Vitamin D Boosts Antimicrobial Peptide Cathelicidin to Improve Eczema and Fight Skin Infections
A systematic review of 68 studies found that vitamin D supplementation (1,000-2,000 IU/day for 1-3 months) increases cathelicidin antimicrobial peptide expression and reduces Staphylococcus aureus colonization and eczema severity in people with vitamin D deficiency.
Quick Facts
What This Study Found
The systematic review of 68 peer-reviewed papers established two key findings:
1. Cathelicidin plays a dual role in atopic dermatitis — it contributes to skin barrier function and has direct anti-Staphylococcus aureus activity. Reduced cathelicidin expression in AD patients weakens both defenses.

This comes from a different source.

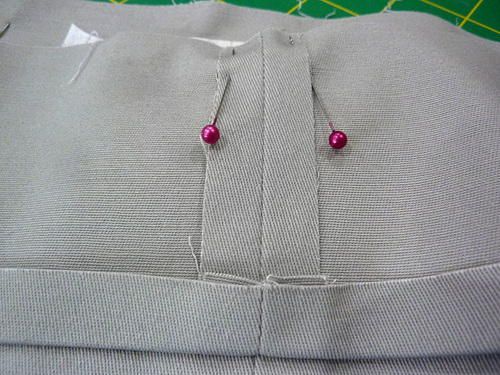 - Align the center pin point of the pocket top with the seam of the band. Then pin in place across the pocket.

2. Vitamin D supplementation at 1,000-2,000 IU/day for 1-3 months increases cathelicidin expression and reduces S. aureus abundance and AD severity — but only in individuals with low serum vitamin D (deficiency/insufficiency). There was no evidence supporting supplementation in people with sufficient vitamin D levels.
Key Numbers
How They Did This
Systematic literature search following established protocols, with 68 peer-reviewed papers accepted for inclusion. Studies were critically appraised and synthesized in a narrative analysis. The review examined three interconnected relationships: cathelicidin's role in skin barrier function, cathelicidin's anti-S. aureus activity, and vitamin D's ability to upregulate cathelicidin expression in the context of atopic dermatitis.
Why This Research Matters
Atopic dermatitis affects up to 20% of children and 10% of adults, and S. aureus skin infections are a major complication causing disease flares. Current treatment relies on topical steroids and immunosuppressants, which have side effects with long-term use. The cathelicidin-vitamin D connection offers a natural, low-cost intervention: simply correcting vitamin D deficiency can boost the body's own antimicrobial peptide defense, reducing infections and eczema severity. This represents a mechanistic, nutrition-based approach to managing a common chronic condition.
The Bigger Picture
This review connects three major areas: antimicrobial peptide biology, nutritional medicine, and dermatology. The vitamin D-cathelicidin axis is one of the best-characterized examples of how a nutrient directly regulates antimicrobial peptide expression — vitamin D literally turns on the cathelicidin gene. Understanding this mechanism has implications beyond eczema: it may explain why vitamin D deficiency is associated with increased susceptibility to respiratory infections, wound healing problems, and other conditions where antimicrobial peptides play protective roles.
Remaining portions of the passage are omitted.